231 views Asked by At

Need help in understanding the step of data preprocessing while building predictive models.

Believe is the scenario:

I built decision tree,

I Combined files from multiple csvs ; did some steps like creating multiple categories for target variable and also converted numeric variables to categorical and added some new calculated columns , made imputation for input variables

Then did partitioning 70 training and 30 test

And then I Joined the test 70 percent partitioning to decision tree learner node in knime And joined 30 percent output from partitioning node to a decission tree predictor node and I got 100 percent accuracy this is wired.

After digging I found that all the data preprocessing I did (adding extra calculated columns, imputation, converting categorical columns from numerical) has to be done prior to data partition to get train and test sets.

My doubt is if I do it after splitting how can the predictor node know about my changes because I created new target variable column based on numeric column in the dataset. When I do it on test data how can I even use the target variable which doesn't even exist in predictor node.

And also read somewhere that all the steps I did before, I must do it on test data as well. Is it really the case? I feel this is too tedious for replicating every data cleaning step on test data.

Even if do the cleaning after splitting what difference does it really make.

I'm an absolute beginner please help me out and if you could provide answers specific to knime platform it would be much helpful.

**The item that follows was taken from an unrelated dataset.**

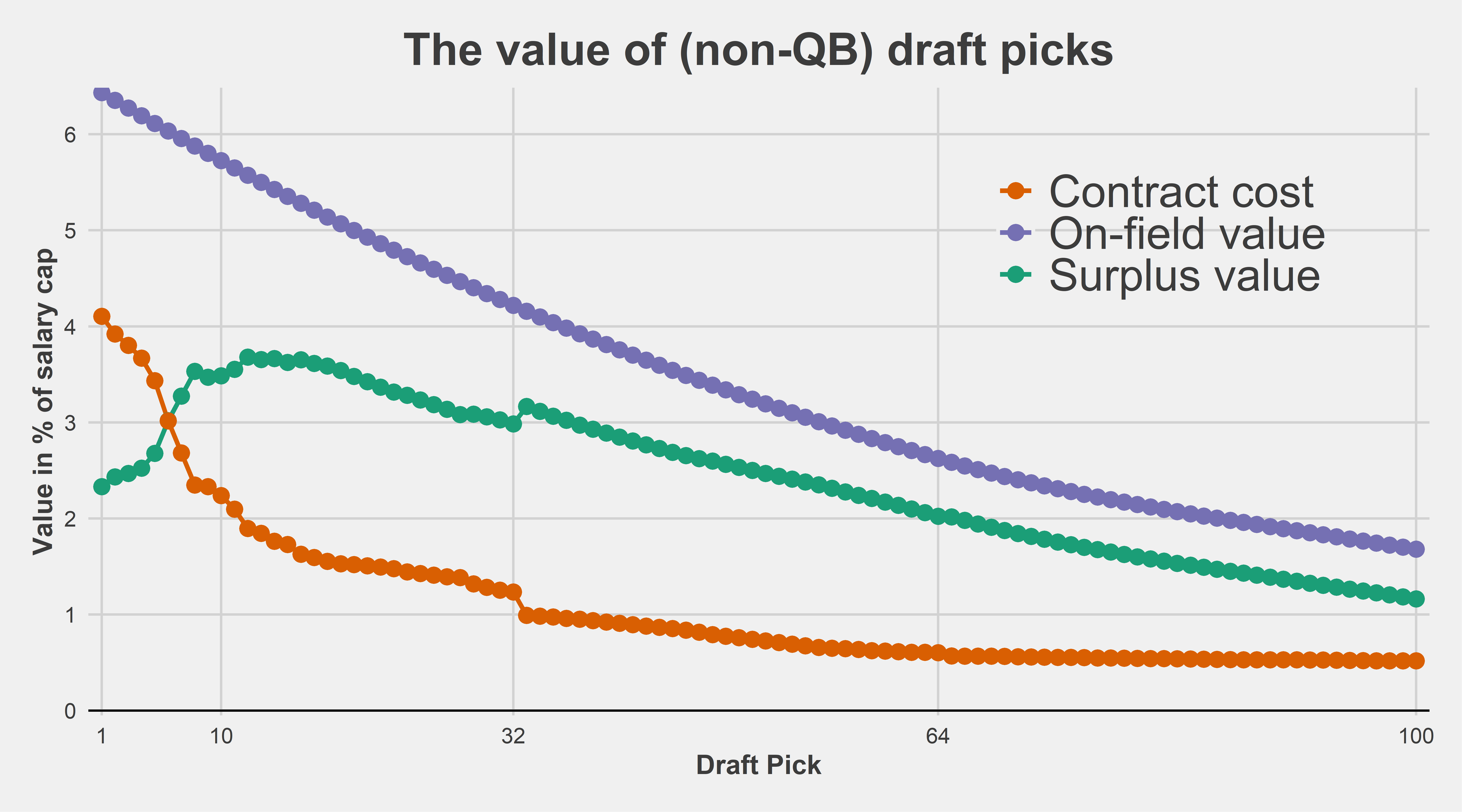 How to read the chart: the first pick in the draft costs 4.1% of the salary cap (orange line). The on-field production is expected to be 6.5% of the salary cap (purple line). Thus, the surplus value associated with the first pick in the draft is 2.4% of the salary cap (green line).

Thanks in advance

Describe everything in the question.

1

There are 1 answers

0
Vatsal Maheshwari On

You should do all preprocessing steps on both train and test. Drop your prediction column (Y variable) from test. Train the model on train dataset and predict on test set. Compare the predictions (YP) with Y to derive goodness metrics such as accuracy, rmse etc.

The reason that you would want to do this separately is because you might compute some metrics that contribute to information leak. For example if you create an index of values of an independent variable - as X/mean(X) then the denominator leaks information from the entire dataset to the new variable. Hence, it is recommended to do the preprocessing separately. Incase, you are doing record level transformations only, I see no harm in combined preprocessing both.